New grant to aid young Black males
Georgia College & State University received a grant from the University System of Georgia Board of Regents to create a program that will focus on getting African American males to attend and graduate from college.
The $20,000 grant will create an Academic Initiative for Males Academy, a program that will begin in the summer of 2006 with the aim of encouraging students to attend college. Twenty African American males will be chosen from middle and high schools in Baldwin, Hancock and Putnam counties.
“It’s an innovative approach to service learning combining civic engagement,” said Allia Carter, director of Diversity and Multicultural affairs. “Students have to go through courses related to social sciences and language arts. We take those and relate them to a current issue in their community. They have to build a project about that and how they would resolve the issue.”
The two week program will allow students to experience college life and connect them with successful African American males in the community. Organizations such as the Milledgeville 100 Black Men of America, the Macon Alumnae Chapter of Kappa Alpha Psi Fraternity and the Mu Gamma Chapter of Alpha Phi Alpha will participate in the program.
“The three of the (organizations) will work with us in creating the mentorship component of the program,” Carter said.
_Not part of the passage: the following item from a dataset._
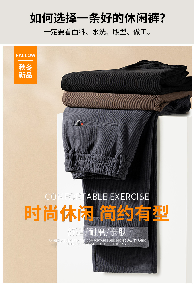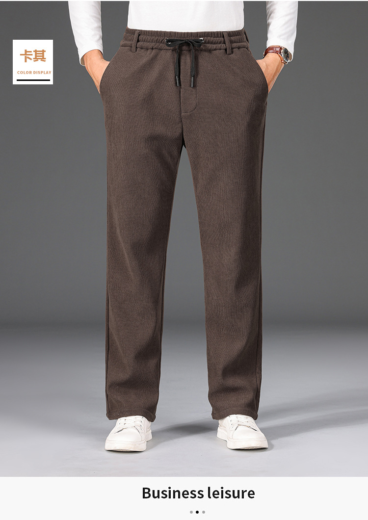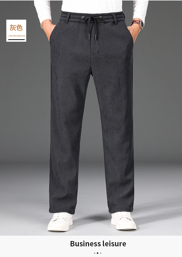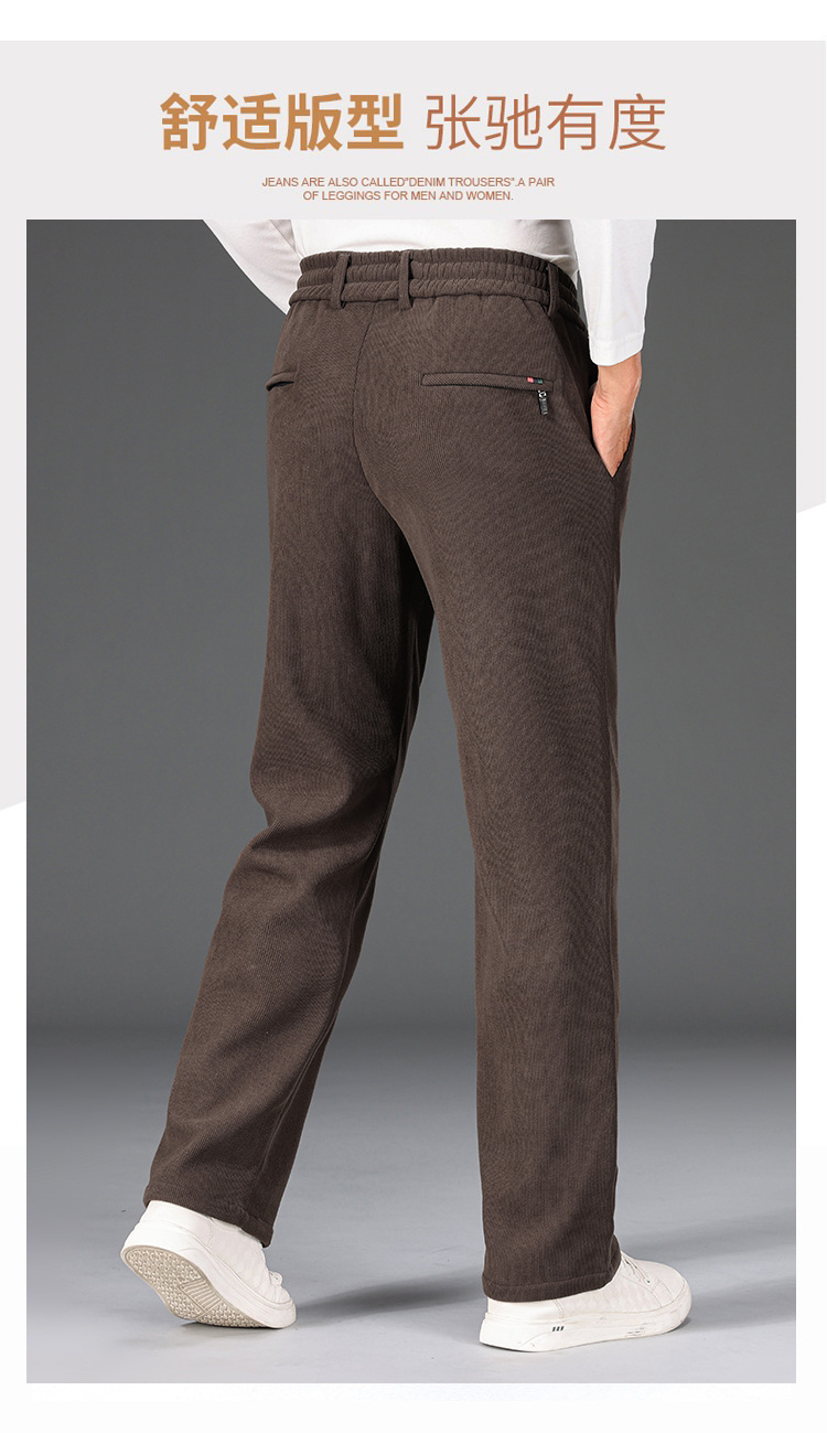 남자의 가을과 겨울 새로운 기모 두꺼운 탄성 허리 탄성 코듀로이 캐주얼 바지 스트레이트 남자 바지스토어 가기

“They will be paired up with a student coming through the program.”
“Basically they’re using us as role models,” said Brandon Jackson, a member of the Mu Gamma Chapter of Alpha Phi Alpha Fraternity. “We’re going to be involved in the 14 day program just to show them some examples of successful black men.”
The program will provide participants with a positive outlook on higher education and give the students an opportunity to make a difference in their communities.
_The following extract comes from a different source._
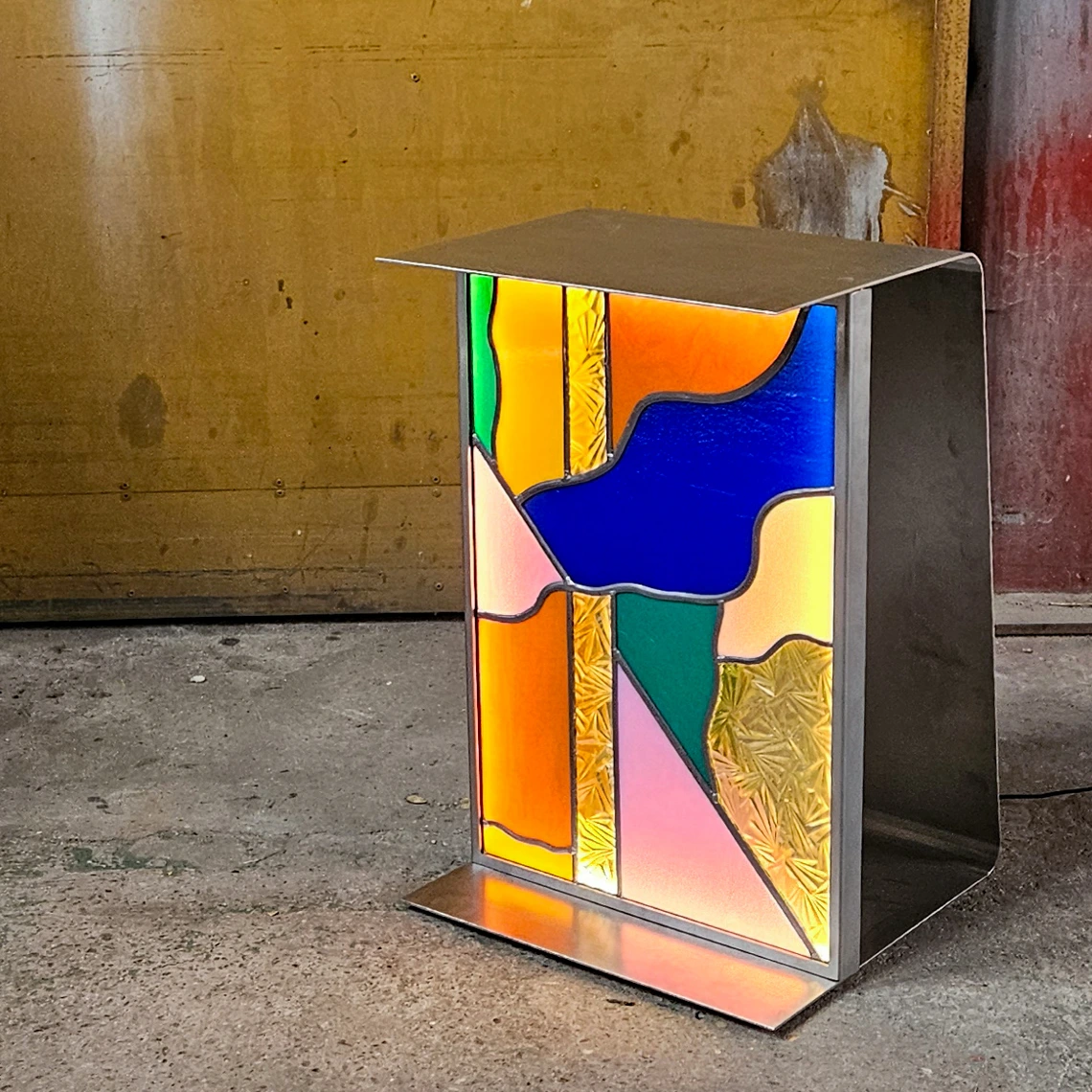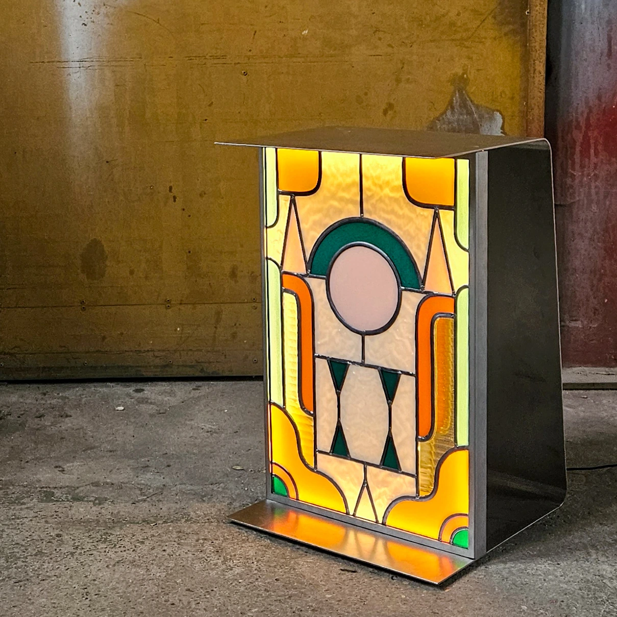Sanderjan moves effortlessly between craft and art,between softness and sharpness.As a stained glass artist, he creates work that plays with light, desire, and layering; sensual, quirky andnever tame.

“I personally have always thought that there was always a problem within the African American male community in the sense that somewhere along the way we go astray,” said Jackson, a senior psychology major. “I feel that around the beginning of high school, maybe late middle school, it becomes not cool to be smart.”
AIM Academy will include students from GC&SU, professors and high school teachers to give participants positive role models and address the needs of their social surroundings.
“(We want to) just take a group of 20 students and show them the attention that they really need,” Jackson said.
“I believe that youth has answers that many times we overlook,” Carter said. “What we wanted to do was design an opportunity for these (students) that are typically affected by community issues to actually come up with a resolution.”
Students in the program will be paired in groups to complete their projects, and the winners will be sent to the Middle Georgia Economic Development Conference to present their proposals.
Carter hopes that these participants will gain more from the program than receiving an award.
“I hope that these students can go back into their schools and impact the students that they are around,” Carter said. ” I want (the program) to increase the enrollment of them going to college.”